**Available data:**
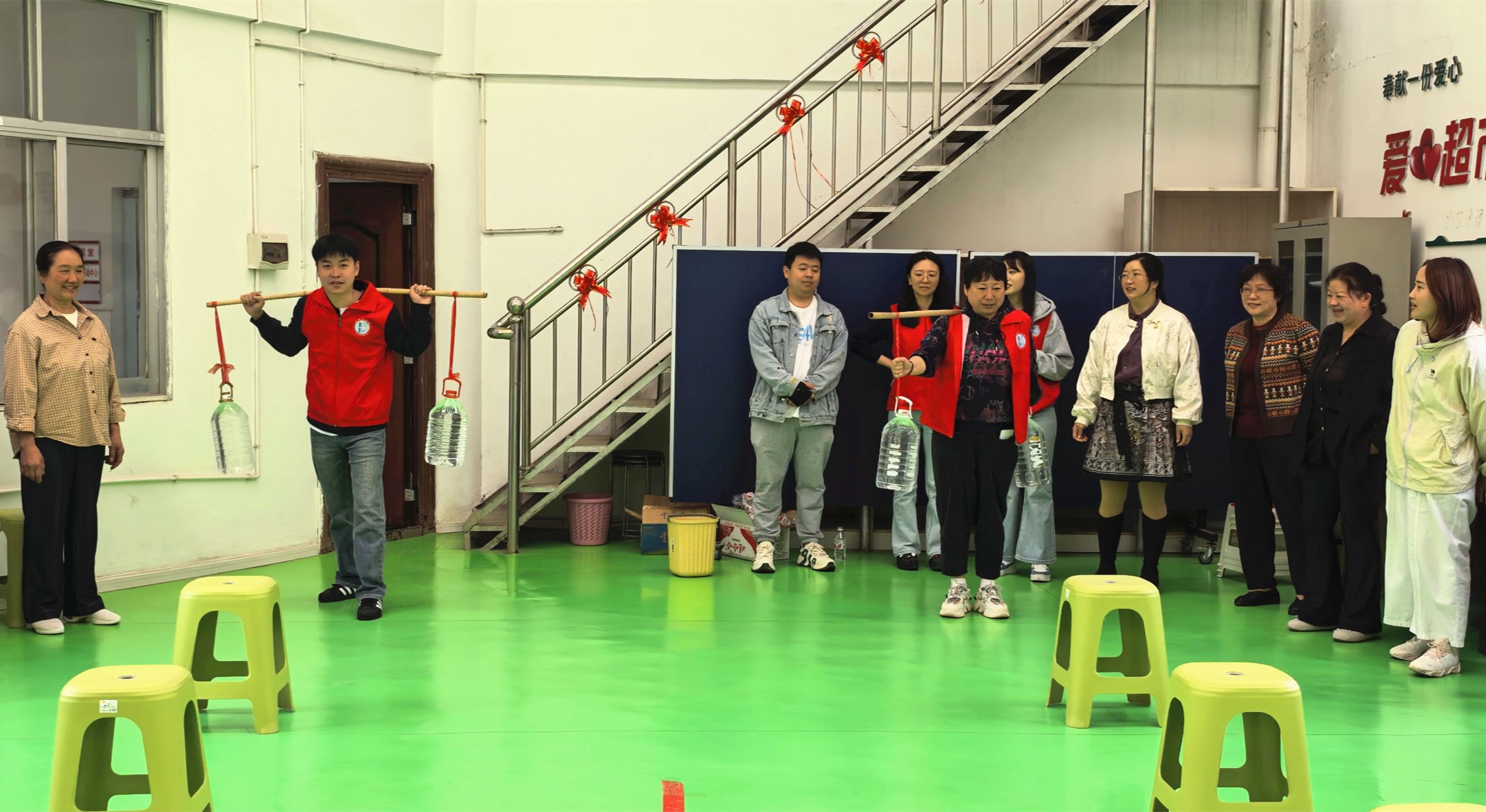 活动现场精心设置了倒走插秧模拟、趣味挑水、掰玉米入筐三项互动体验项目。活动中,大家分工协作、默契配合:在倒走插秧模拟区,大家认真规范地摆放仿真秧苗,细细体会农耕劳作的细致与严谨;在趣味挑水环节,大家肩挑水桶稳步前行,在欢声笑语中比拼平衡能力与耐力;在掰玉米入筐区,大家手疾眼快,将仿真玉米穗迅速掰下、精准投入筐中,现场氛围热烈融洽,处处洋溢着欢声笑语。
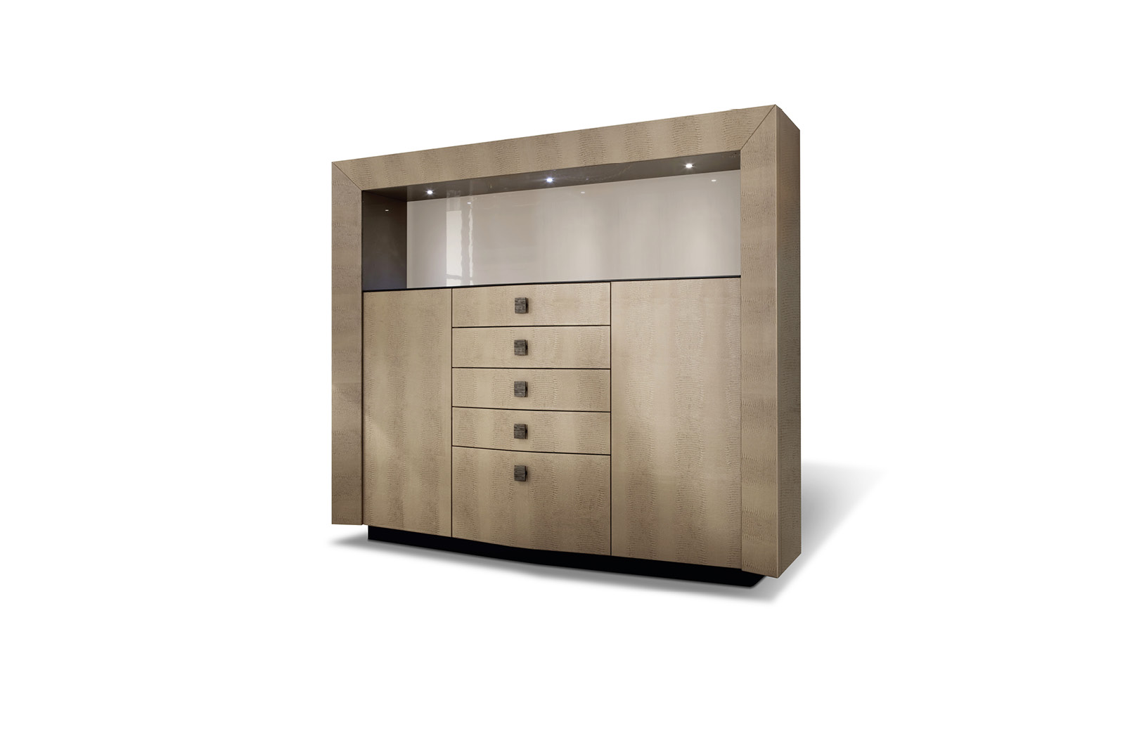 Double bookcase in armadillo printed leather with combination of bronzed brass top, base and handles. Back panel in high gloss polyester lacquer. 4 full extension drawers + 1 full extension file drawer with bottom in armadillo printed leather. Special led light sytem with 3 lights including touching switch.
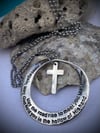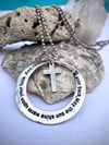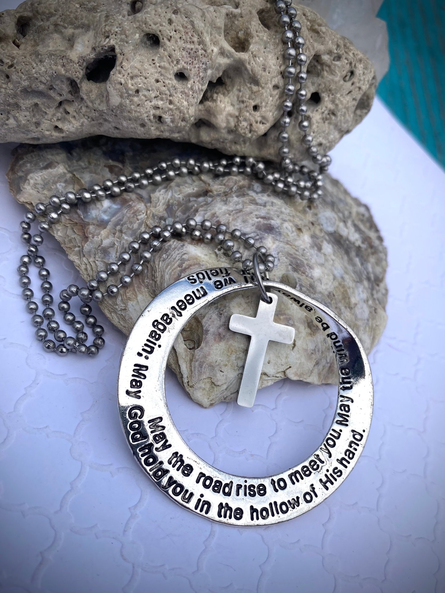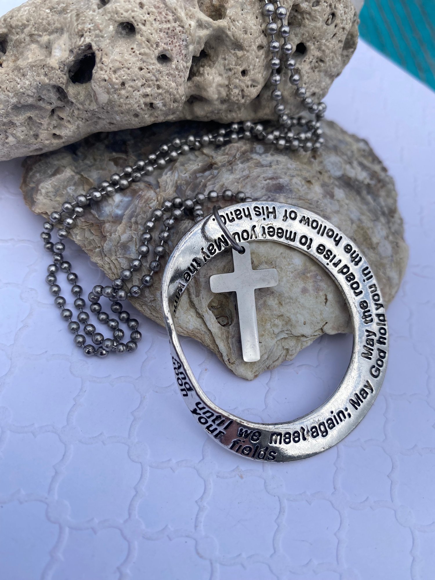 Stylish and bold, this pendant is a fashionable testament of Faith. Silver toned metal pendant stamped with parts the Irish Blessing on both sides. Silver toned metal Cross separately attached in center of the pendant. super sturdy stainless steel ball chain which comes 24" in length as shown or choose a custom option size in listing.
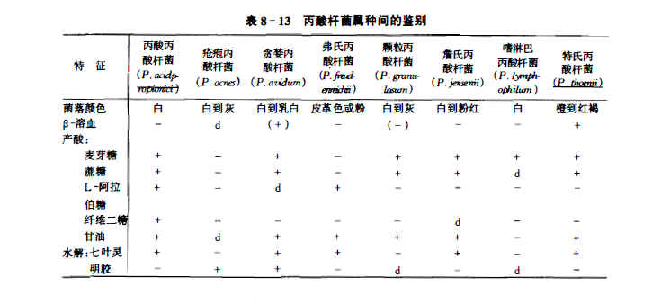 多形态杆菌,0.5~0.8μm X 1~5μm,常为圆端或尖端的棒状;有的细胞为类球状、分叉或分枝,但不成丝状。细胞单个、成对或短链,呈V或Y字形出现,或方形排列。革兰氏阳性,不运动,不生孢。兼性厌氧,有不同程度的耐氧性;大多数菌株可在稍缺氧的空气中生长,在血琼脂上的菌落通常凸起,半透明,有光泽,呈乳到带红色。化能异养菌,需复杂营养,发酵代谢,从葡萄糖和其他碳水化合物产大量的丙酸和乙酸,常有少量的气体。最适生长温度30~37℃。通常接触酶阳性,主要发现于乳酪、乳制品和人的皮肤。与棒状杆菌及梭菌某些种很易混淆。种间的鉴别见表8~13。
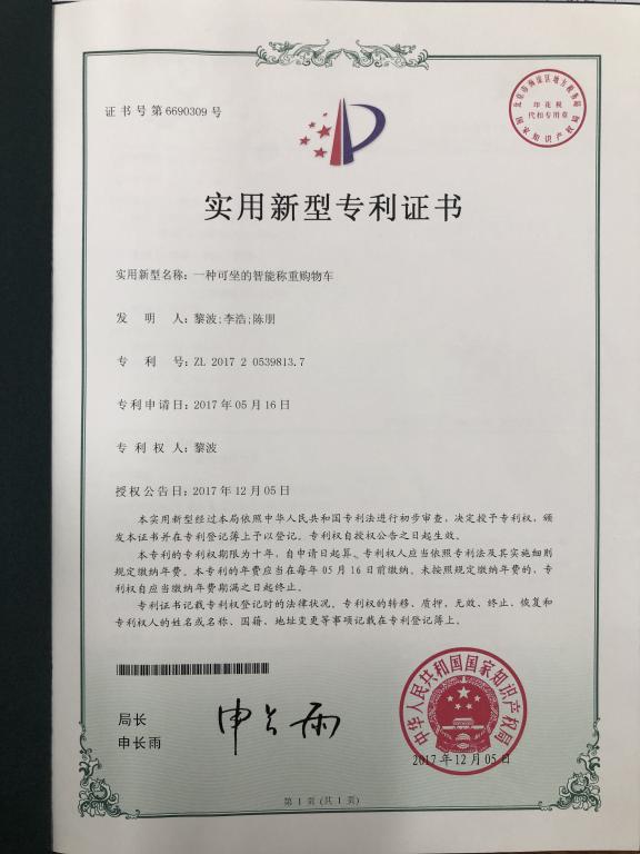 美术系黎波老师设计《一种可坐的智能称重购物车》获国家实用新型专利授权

* * *

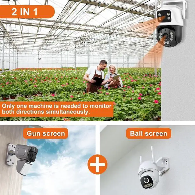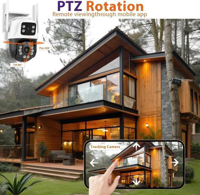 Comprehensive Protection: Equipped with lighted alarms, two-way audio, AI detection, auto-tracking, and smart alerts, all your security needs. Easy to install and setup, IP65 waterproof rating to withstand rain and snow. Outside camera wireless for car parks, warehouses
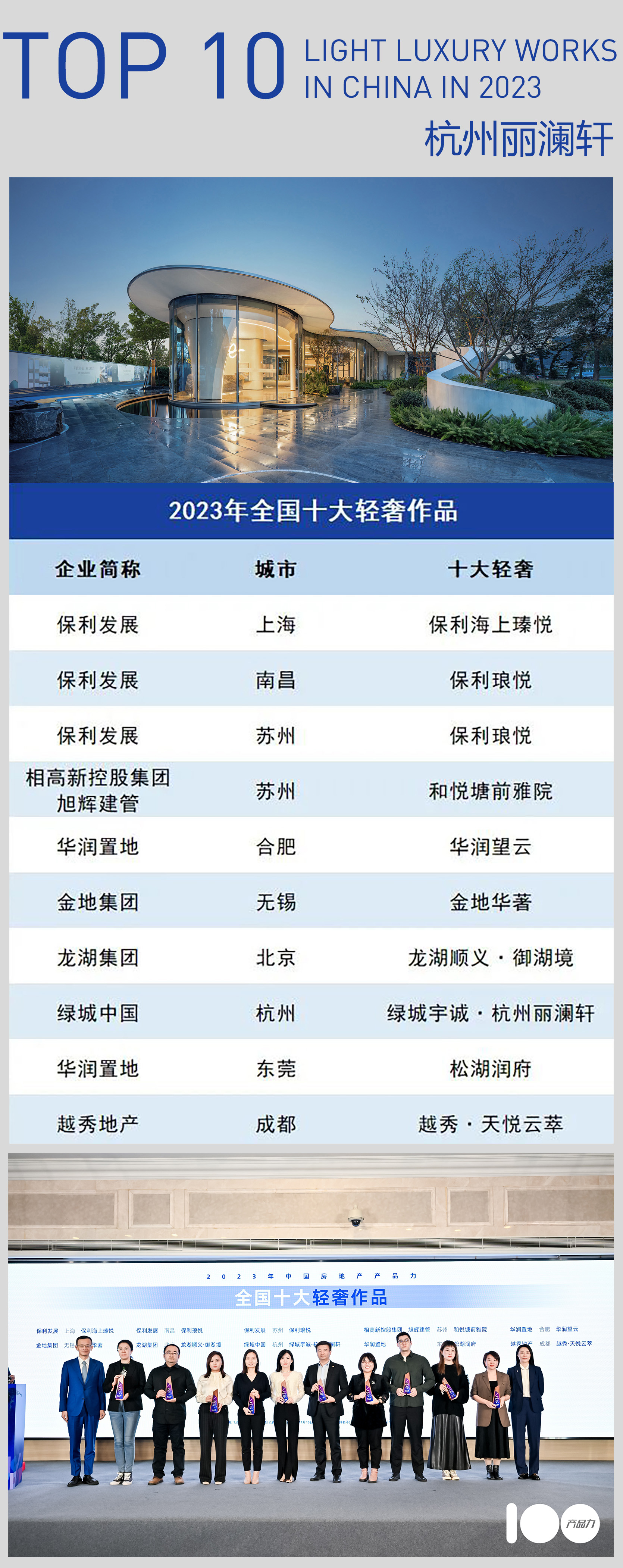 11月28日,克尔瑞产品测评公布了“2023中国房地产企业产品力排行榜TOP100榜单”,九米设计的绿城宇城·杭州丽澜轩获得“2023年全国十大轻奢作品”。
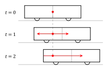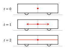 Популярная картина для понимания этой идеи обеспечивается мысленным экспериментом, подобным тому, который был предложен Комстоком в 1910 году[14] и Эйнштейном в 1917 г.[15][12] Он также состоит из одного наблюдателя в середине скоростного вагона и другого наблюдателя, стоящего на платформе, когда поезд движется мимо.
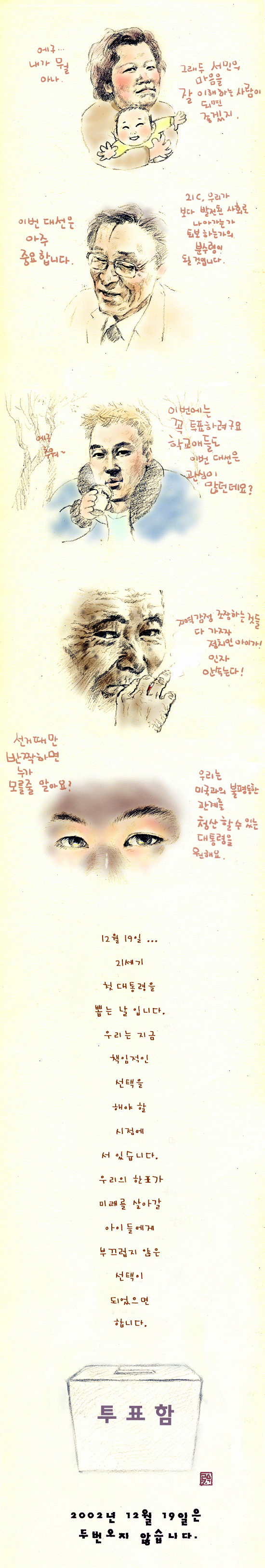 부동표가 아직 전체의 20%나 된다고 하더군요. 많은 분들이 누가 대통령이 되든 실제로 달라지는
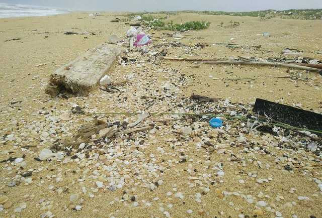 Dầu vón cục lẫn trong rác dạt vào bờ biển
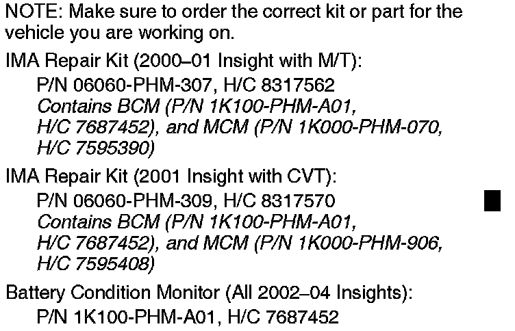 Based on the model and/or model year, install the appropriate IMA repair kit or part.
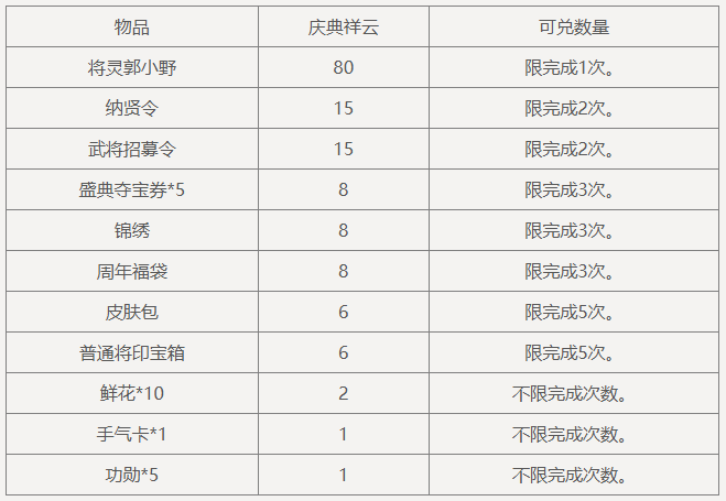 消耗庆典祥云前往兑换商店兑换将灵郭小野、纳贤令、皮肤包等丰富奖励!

**Required action:**
Among the entries above, take the line with "Dầu vón cục lẫn trong rác dạt vào bờ biển", the line with "消耗庆典祥云前往兑换商店兑换将灵郭小野、纳贤令、皮肤包等丰富奖励!", and all the lines between them, and restate them word for word without pictures.

**Answer below:**
 Dầu vón cục lẫn trong rác dạt vào bờ biển
 Based on the model and/or model year, install the appropriate IMA repair kit or part.
 消耗庆典祥云前往兑换商店兑换将灵郭小野、纳贤令、皮肤包等丰富奖励!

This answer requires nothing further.